Maintenant, la task force a également re?u un nouveau mandat - qu'est-ce qui change ?
L'état-major de crise du conseiller fédéral ayant été dissous, le lien entre la Task Force et l'OFSP est désormais beaucoup plus direct. Des rencontres régulières sont ainsi prévues, qui nous permettront de faire le point sur l'état actuel des connaissances et aussi sur les questions en suspens des deux c?tés. Nous devrions ainsi être en mesure de réagir encore plus rapidement. Autre point important : nous avons convenu d'améliorer encore l'échange de données - c'est essentiel, car une recherche pertinente repose sur une bonne base de données.
Votre prédécesseur Matthias Egger était très présent dans l'opinion publique et a parfois aussi critiqué l'action des autorités - êtes-vous fait du même bois ?
Je suis impressionné par ce que Matthias Egger a mis en place avec la Task Force - de mon point de vue, il était exactement l'homme qu'il fallait au moment où il le fallait. Mais les derniers mois ont été incroyablement intenses et fatigants - je comprends tout à fait qu'il souhaite à présent se consacrer davantage à ses t?ches au FNS. Pour répondre à la question : J'ai toujours apprécié que de nombreux membres de la task force soient présents dans les médias gr?ce à leur grande expertise dans certains domaines. Je défendrai la vision globale de la task force dans les médias. Mon impression est que le consensus au sein de la population, par exemple sur les mesures, a plut?t diminué, il se peut donc bien que le point de vue de la Task Force soit encore plus demandé sur certains points.
Et que se passe-t-il si vous et l'OFSP n'êtes pas d'accord ?
C'est une bonne chose ! Si nous avons appris quelque chose de la crise de la Corona, c'est que nous ne pouvons résoudre les problèmes qu'ensemble. Dans une situation aussi exceptionnelle, il est absolument essentiel d'avoir des avis différents et d'en discuter - sinon, on risque de s'égarer dans l'une ou l'autre direction. La task force discute donc intensivement avec les autorités et communique ensuite son point de vue et ses arguments au public.

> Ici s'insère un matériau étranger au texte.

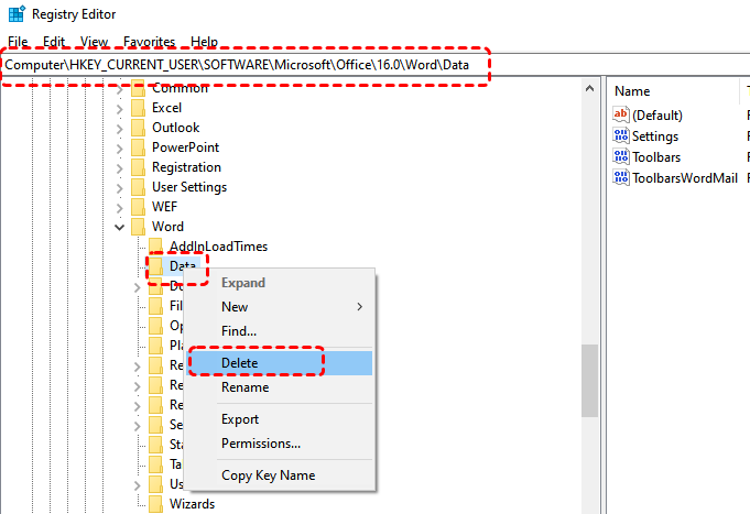 Method 6. Delete Word Data Registry Subkey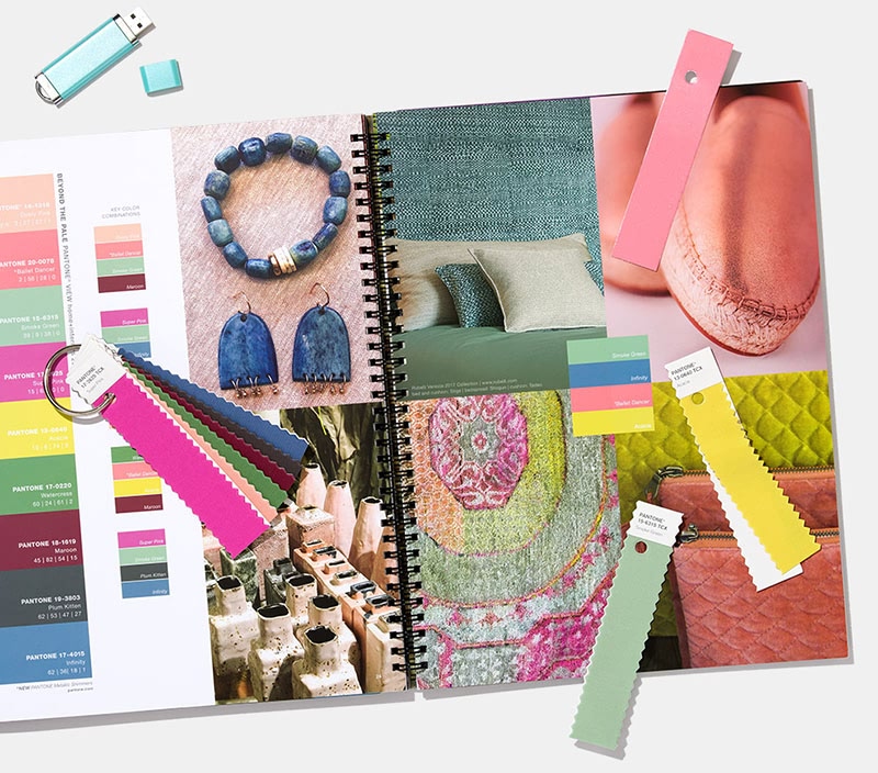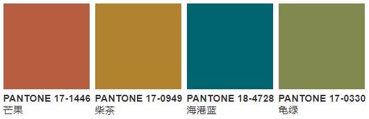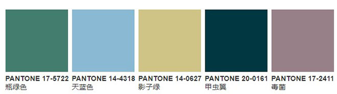 (PANTONE 17-5722 瓶绿色、PANTONE 14-4318 天蓝色、PANTONE 14-0627 影子绿、PANTONE 20-0161 甲虫翼、PANTONE 17-2411毒菌、PANTONE 17-1446 芒果、PANTONE 17-0949 柴茶、PANTONE 18-4728 海港蓝、PANTONE 17-0330 龟绿)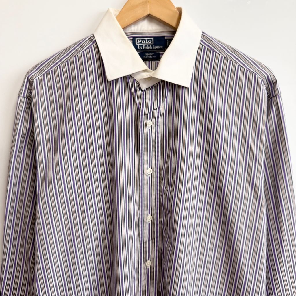 ポロラルフローレン REGENT CLASSIC FIT コットンシャツ ストライプ 長袖シャツ 白×紫×多色 No.H614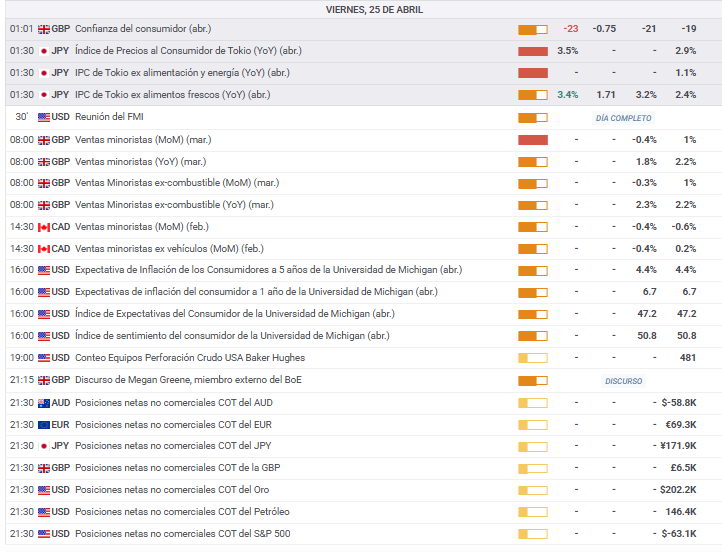 Publicado viernes 25 de abril de 2025, a las 00 h UTC. Las horas del Calendario Económico, son UTC+2.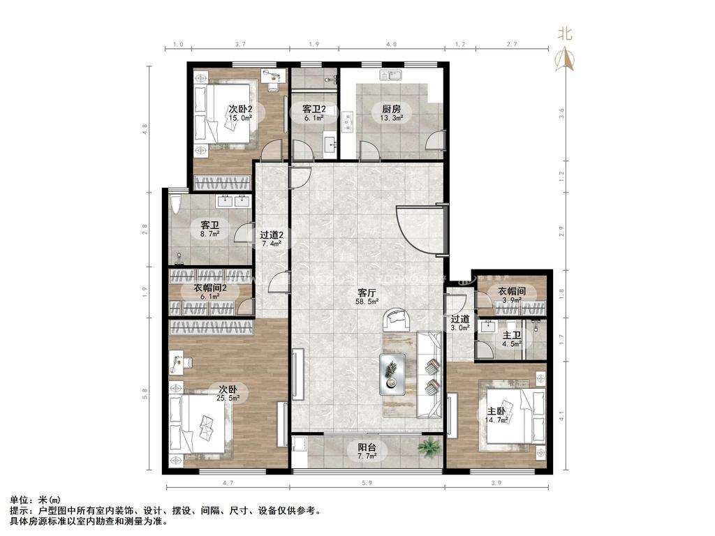 厅室3室2厅4卫1阳台
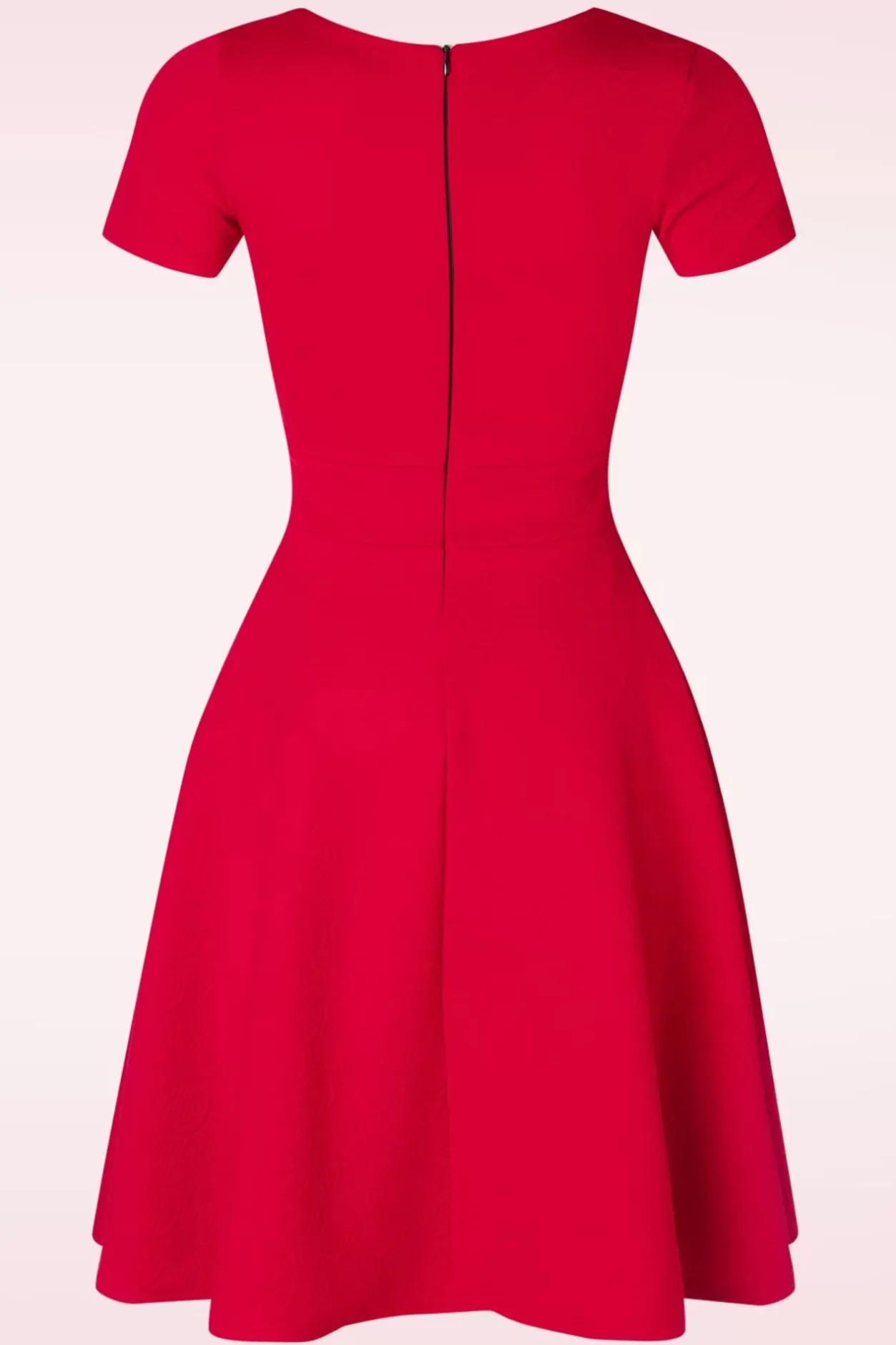 Doe Een Dansje Van Geluk In Deze Jenna Jacquard Jurk In Rood! Ze Is Uitgevoerd In Een Iets Dikker, Stretchy, Art-Deco Jacquard Stofje In Rood Dat Heerlijk Draagt.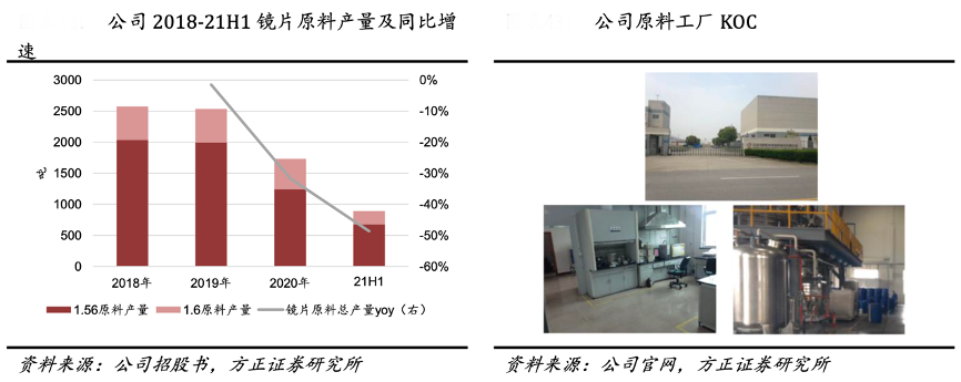 經(jīng)典案例:根據(jù)公司招股書、公司官網(wǎng)、方正證券研究所等綜合資訊表明,明月鏡片公司可自主生產(chǎn)折射率 1.56 及 1.60 系列的樹(shù)脂單體自用及對(duì)外銷 售,已掌握實(shí)驗(yàn)室制備 1.67 及 1.71 折射率鏡片相關(guān)樹(shù)脂單體的配方和制備流程,考慮到 1.67 及 1.71 型號(hào)高折樹(shù)脂單體的生產(chǎn)條件要求嚴(yán)格,從經(jīng)濟(jì)性角度選擇采購(gòu)而非自產(chǎn)。根據(jù)招股書披露,2018-21H1 公司鏡片原料總產(chǎn)能分別為 2527 噸、2536 噸、1733 噸、890 噸。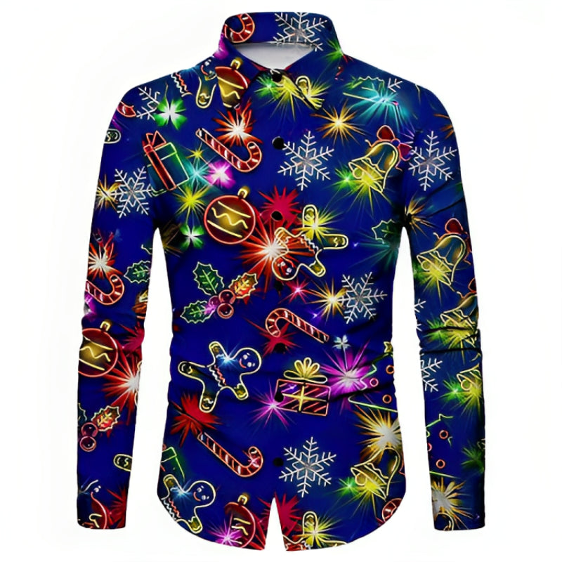 Indulge in festive cheer with our Gingerbread Christmas Pattern Turndown Shirt. With charming gingerbread motifs and holiday accents, this shirt is perfect for seasonal celebrations. Its classic turndown collar adds sophistication, making it a choice for holiday parties or family gatherings.

Votre point de vue : où se situe la Suisse dans la crise de la coronarographie ?
Nous avons - tous ensemble et en unissant nos forces - relativement bien traversé cette crise jusqu'à présent. Nous sommes tous heureux d'avoir ramené le nombre de cas en Suisse à un niveau aussi bas et qu'il semble à présent se stabiliser malgré une nouvelle hausse. Il est beaucoup plus facile et moins co?teux de ma?triser l'épidémie lorsque le nombre de cas est faible que lorsqu'il est élevé. Nous sommes à présent dans une phase où nous devons réfléchir à la suite des événements. Pour moi, l'essentiel est de croire qu'ensemble, nous parviendrons à surmonter cette crise.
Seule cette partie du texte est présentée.